I want to train an ensemble of networks on a single GPU. The dataset and the model are small enough for this. When computing the gradients, I get wrong results (i.e. different numerical values than if I worked with a single process).
This is my setup:
I use torch.multiprocessing to spawn new processes. The main nn.Module
is created in the main process and passed on to the subprocesses. Since all parameters are then still pointing to the same Cuda.{...}Tensors
, I assign copied versions of the Parameter
s as follows in each process:
# Copy parameters so that independent processes have independent parameters
for mod in model.modules():
for name, parameter in mod._parameters.items():
var_clone = parameter.clone()
mod.register_parameter(name, Parameter(var_clone.data))
If I didn’t do that, the parameters would be shared between the processes. However, I want an ensemble of networks with independent parameters (not hogwild).
When computing the gradient, the parameters still seem to share the parameters’ .grad
information in a race condition.
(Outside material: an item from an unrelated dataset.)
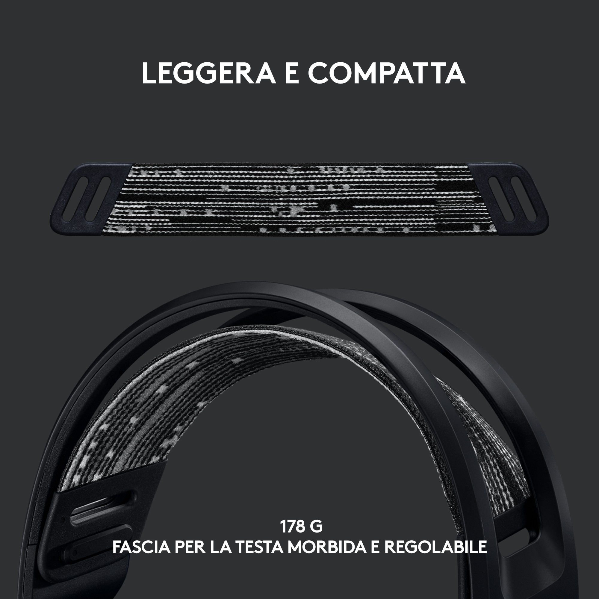 | Contenuto della confezione | Cuffia con microfono gaming wireless RGB G733 LIGHTSPEED Microfono rimovibile Ricevitore USB wireless Cavo di ricarica da USB-C a USB-A |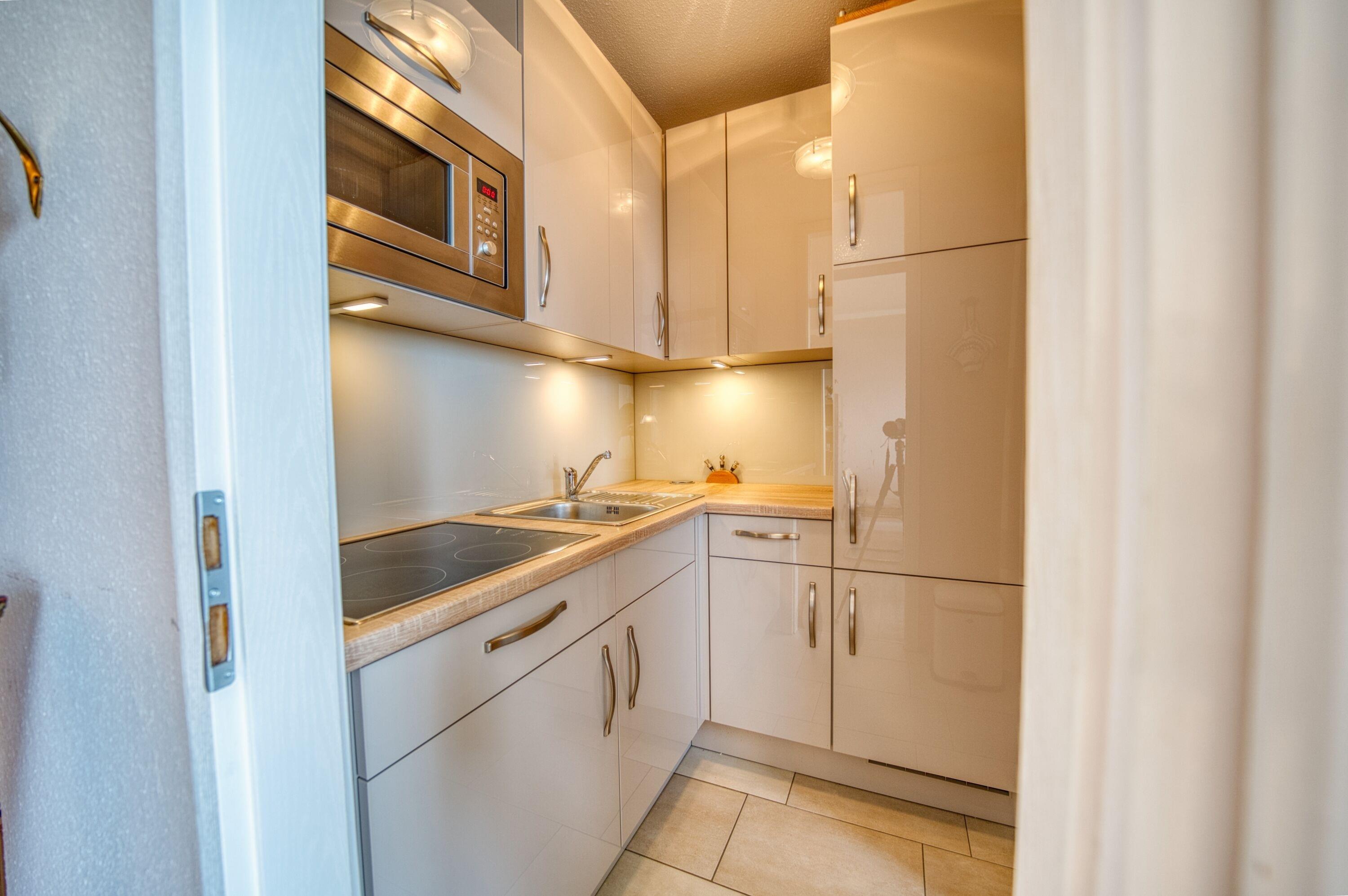 Das moderne Badezimmer ist mit einer Duschkabine, WC und Waschbecken ausgestattet – hell, gepflegt und funktional.In der voll ausgestatteten Küche finden Sie alles, was Sie für Ihren Aufenthalt benötigen: Ceranfeld, Kühlschrank, Filterkaffeemaschine und eine Mikrowelle stehen bereit.

So sometimes the gradient information mixes and wrong gradients are computed.
From the documentation at http://pytorch.org/docs/master/notes/multiprocessing.html, only Cuda.{...}Tensors
are shared between processes when using multiprocessing. Here, I seem to encounter shared autograd.Variable
s. Am I missing something here?
(Sidenote: There are ways to circumvent this, e.g. by re-creating the main nn.Module
in each thread. Then the parameters can never be shared. This requires a major restructurisation of my code.)